═════ TASK DATA

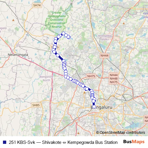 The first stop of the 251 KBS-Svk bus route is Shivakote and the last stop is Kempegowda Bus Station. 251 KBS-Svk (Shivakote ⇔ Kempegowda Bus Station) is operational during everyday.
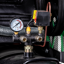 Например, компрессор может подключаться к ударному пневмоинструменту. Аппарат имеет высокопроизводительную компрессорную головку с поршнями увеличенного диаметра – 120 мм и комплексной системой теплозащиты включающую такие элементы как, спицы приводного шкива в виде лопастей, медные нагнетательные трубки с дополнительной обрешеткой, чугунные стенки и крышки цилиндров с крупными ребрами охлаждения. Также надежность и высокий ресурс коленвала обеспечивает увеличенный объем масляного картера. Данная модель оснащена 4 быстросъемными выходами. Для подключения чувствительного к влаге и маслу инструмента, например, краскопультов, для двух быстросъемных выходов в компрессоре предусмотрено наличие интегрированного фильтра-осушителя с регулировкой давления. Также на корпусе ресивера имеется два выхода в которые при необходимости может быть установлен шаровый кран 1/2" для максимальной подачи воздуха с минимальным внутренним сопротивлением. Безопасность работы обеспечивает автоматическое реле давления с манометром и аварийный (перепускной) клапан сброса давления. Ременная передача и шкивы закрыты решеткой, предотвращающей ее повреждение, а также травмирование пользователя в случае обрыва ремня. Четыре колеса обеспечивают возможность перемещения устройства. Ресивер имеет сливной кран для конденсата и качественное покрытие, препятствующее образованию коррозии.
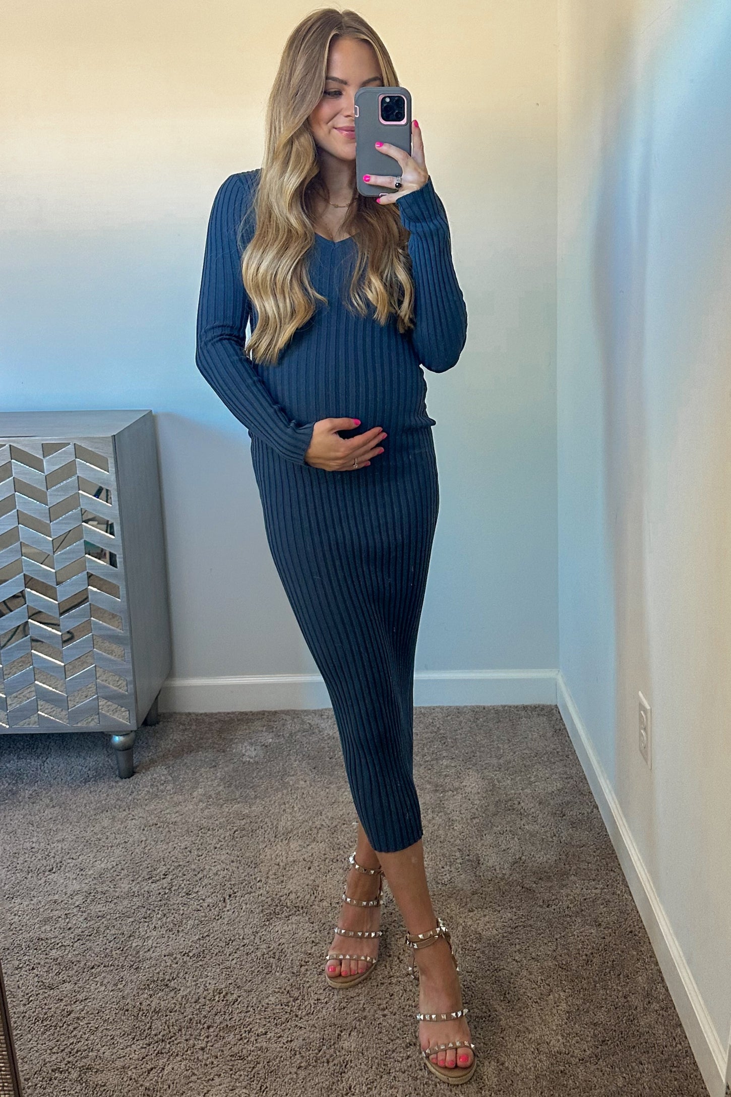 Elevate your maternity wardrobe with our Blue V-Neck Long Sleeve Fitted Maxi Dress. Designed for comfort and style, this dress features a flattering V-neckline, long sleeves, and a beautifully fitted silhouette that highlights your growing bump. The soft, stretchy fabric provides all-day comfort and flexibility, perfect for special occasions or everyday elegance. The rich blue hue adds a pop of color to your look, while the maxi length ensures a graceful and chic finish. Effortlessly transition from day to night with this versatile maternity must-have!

══════════
═════ TASK DATA

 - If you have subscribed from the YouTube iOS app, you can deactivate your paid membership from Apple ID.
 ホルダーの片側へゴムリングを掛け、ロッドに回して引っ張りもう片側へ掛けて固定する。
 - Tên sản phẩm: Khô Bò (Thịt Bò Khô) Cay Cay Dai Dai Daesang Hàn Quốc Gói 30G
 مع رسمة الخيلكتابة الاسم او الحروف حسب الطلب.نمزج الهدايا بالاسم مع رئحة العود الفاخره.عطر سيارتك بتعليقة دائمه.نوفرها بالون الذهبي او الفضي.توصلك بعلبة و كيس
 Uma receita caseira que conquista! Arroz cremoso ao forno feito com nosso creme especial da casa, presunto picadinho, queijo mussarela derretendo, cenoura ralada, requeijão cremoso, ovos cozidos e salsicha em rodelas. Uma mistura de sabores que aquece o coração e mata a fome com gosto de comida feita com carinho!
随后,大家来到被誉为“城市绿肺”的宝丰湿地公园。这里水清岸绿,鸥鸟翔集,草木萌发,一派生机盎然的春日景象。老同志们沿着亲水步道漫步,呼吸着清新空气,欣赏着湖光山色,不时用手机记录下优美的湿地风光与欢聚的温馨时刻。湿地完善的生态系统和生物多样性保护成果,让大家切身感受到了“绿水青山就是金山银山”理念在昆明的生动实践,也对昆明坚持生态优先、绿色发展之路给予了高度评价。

══════════
═════ TASK DATA

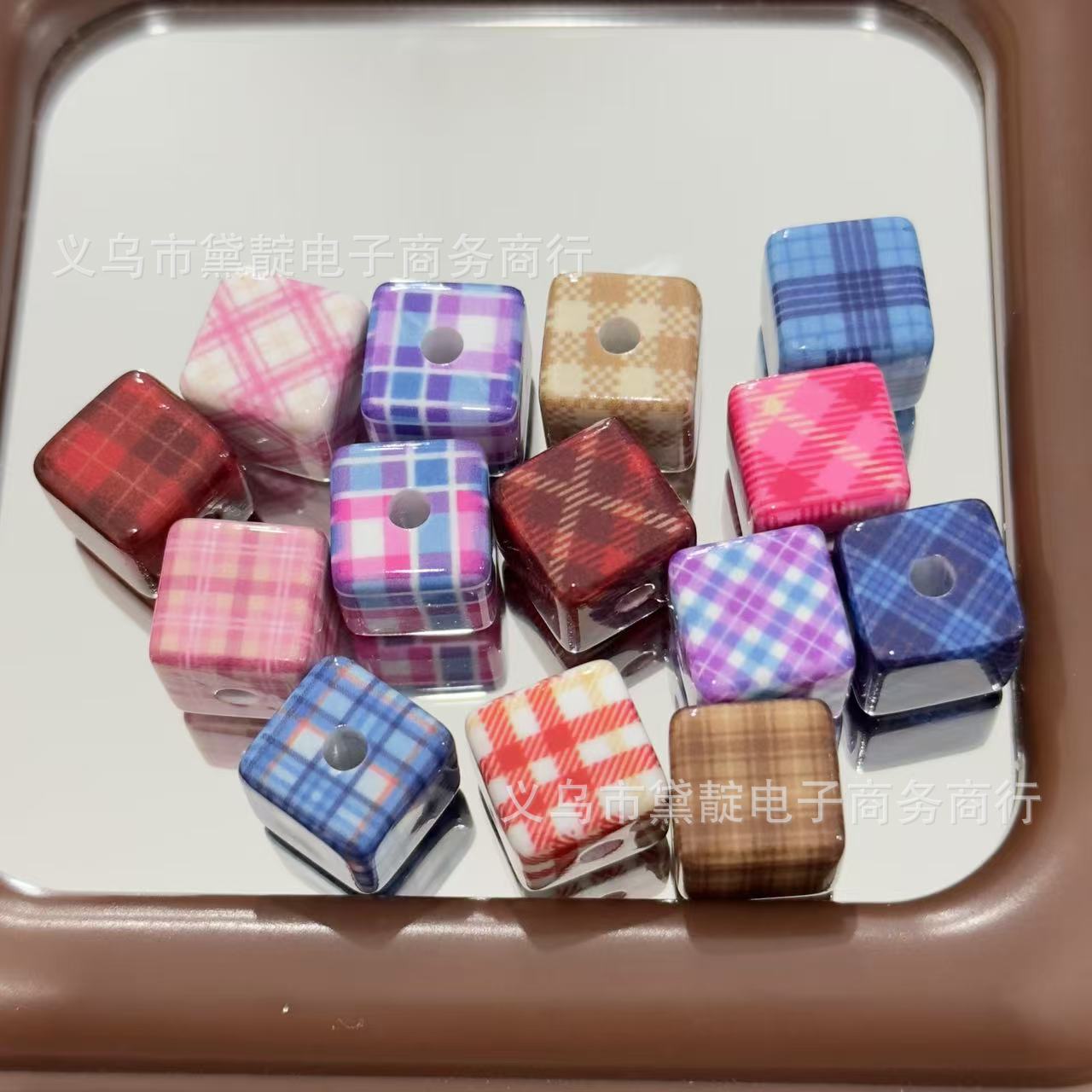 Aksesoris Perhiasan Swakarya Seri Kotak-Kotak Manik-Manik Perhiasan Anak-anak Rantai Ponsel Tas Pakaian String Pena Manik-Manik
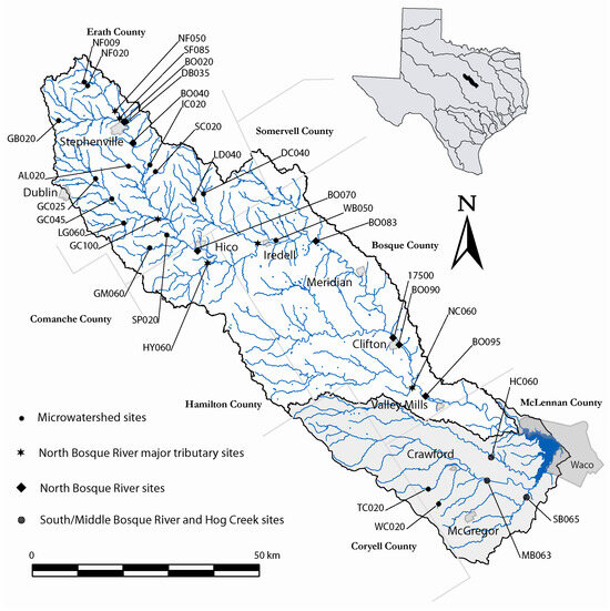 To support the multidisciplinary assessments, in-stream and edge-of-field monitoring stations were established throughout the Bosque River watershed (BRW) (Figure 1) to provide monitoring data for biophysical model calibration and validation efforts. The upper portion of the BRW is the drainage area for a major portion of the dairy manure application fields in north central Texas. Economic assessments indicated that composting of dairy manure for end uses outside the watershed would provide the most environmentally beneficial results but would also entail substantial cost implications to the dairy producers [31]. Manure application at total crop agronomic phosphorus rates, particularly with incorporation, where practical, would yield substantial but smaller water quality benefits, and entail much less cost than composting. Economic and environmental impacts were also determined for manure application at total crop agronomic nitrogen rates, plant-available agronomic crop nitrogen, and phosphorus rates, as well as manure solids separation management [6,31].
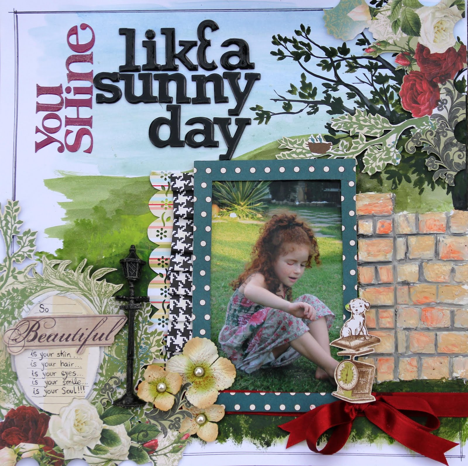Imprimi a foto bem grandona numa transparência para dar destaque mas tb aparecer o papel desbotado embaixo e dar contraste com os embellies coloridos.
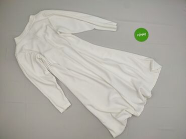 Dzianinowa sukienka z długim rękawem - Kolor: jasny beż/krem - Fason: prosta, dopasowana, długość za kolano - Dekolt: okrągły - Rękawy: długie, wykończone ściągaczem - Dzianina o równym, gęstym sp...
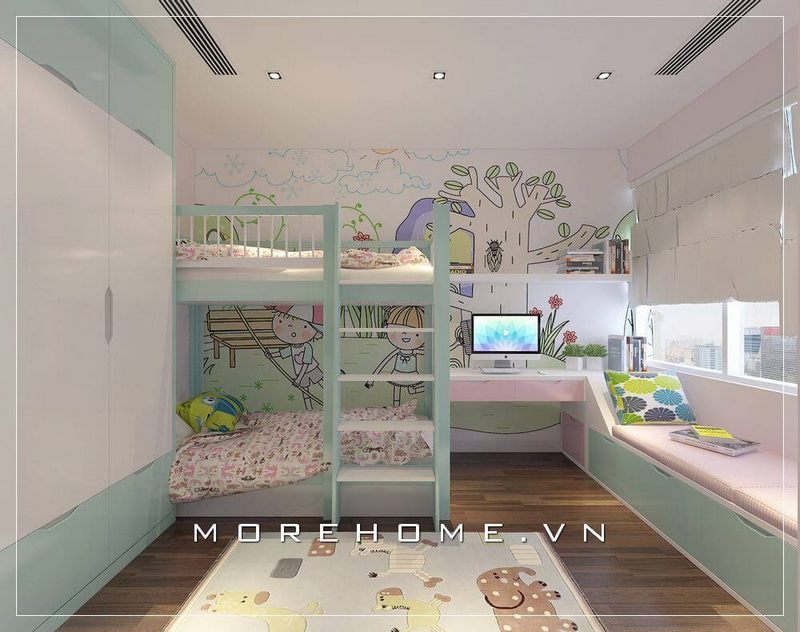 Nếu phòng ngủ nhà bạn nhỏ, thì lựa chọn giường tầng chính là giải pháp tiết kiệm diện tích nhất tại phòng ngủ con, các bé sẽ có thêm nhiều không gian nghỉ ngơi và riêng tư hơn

══════════

** ACTIVITY **
Whatever pictures the records hold, omit them; give again exactly the lines from the one containing "Imprimi a foto" through the one containing "Nếu phòng ngủ".

** RESULT FOR THIS TASK **
Imprimi a foto bem grandona numa transparência para dar destaque mas tb aparecer o papel desbotado embaixo e dar contraste com os embellies coloridos.
 Dzianinowa sukienka z długim rękawem - Kolor: jasny beż/krem - Fason: prosta, dopasowana, długość za kolano - Dekolt: okrągły - Rękawy: długie, wykończone ściągaczem - Dzianina o równym, gęstym sp...
 Nếu phòng ngủ nhà bạn nhỏ, thì lựa chọn giường tầng chính là giải pháp tiết kiệm diện tích nhất tại phòng ngủ con, các bé sẽ có thêm nhiều không gian nghỉ ngơi và riêng tư hơn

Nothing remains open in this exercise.